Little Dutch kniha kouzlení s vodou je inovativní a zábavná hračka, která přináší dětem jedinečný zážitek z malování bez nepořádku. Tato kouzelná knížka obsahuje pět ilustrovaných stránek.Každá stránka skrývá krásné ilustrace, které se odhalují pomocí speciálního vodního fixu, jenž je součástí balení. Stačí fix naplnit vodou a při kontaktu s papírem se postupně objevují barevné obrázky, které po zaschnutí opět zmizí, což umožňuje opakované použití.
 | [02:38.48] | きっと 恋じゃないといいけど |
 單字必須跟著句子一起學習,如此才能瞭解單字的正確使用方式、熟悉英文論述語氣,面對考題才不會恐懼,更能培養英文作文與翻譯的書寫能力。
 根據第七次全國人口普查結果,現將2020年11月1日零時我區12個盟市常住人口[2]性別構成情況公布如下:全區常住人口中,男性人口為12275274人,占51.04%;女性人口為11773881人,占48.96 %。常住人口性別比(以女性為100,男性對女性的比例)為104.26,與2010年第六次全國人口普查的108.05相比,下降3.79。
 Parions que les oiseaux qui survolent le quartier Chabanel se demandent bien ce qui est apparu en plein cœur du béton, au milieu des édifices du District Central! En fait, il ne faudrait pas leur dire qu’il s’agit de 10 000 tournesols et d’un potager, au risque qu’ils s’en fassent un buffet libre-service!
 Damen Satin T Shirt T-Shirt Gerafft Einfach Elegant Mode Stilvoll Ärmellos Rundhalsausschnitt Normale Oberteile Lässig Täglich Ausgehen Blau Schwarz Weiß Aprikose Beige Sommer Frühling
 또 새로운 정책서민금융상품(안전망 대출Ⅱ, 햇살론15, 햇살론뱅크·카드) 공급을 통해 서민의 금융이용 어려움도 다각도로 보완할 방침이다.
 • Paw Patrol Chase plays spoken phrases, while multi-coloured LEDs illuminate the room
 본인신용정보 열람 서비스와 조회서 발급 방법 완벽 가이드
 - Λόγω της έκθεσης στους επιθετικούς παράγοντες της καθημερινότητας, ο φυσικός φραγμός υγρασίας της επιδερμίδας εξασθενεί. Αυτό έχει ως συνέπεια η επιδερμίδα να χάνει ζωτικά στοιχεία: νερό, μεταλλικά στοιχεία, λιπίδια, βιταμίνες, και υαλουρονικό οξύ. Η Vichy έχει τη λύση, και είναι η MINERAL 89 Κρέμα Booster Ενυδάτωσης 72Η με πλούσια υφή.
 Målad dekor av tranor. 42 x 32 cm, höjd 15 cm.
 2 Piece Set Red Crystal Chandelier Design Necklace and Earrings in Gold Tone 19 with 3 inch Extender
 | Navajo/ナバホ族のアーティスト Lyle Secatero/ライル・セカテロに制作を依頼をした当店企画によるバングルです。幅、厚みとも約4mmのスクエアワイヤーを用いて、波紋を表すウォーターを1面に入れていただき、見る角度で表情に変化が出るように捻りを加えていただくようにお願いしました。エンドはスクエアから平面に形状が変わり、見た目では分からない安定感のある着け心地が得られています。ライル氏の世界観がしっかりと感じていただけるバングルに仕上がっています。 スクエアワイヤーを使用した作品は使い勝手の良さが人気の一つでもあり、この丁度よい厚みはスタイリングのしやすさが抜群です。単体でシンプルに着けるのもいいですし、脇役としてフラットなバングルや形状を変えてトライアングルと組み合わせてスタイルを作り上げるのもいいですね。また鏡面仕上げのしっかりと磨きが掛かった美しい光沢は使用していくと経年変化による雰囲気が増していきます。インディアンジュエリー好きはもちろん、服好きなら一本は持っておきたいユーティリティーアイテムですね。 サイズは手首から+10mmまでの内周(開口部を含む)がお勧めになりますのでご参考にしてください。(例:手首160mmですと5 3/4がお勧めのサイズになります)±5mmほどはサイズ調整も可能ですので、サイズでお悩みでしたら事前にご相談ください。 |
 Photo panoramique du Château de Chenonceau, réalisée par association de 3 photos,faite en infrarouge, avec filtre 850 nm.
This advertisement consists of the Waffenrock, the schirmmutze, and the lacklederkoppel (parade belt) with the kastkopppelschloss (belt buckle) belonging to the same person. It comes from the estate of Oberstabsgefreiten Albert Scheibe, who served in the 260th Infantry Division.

###

**Work to be completed**
Return only the part of the records above that opens with the line containing "illuminate the room" and closes with the line containing "본인신용정보 열람 서비스와 조회서 발급 방법 완벽 가이드", ends included.

**Answer**
 • Paw Patrol Chase plays spoken phrases, while multi-coloured LEDs illuminate the room
 본인신용정보 열람 서비스와 조회서 발급 방법 완벽 가이드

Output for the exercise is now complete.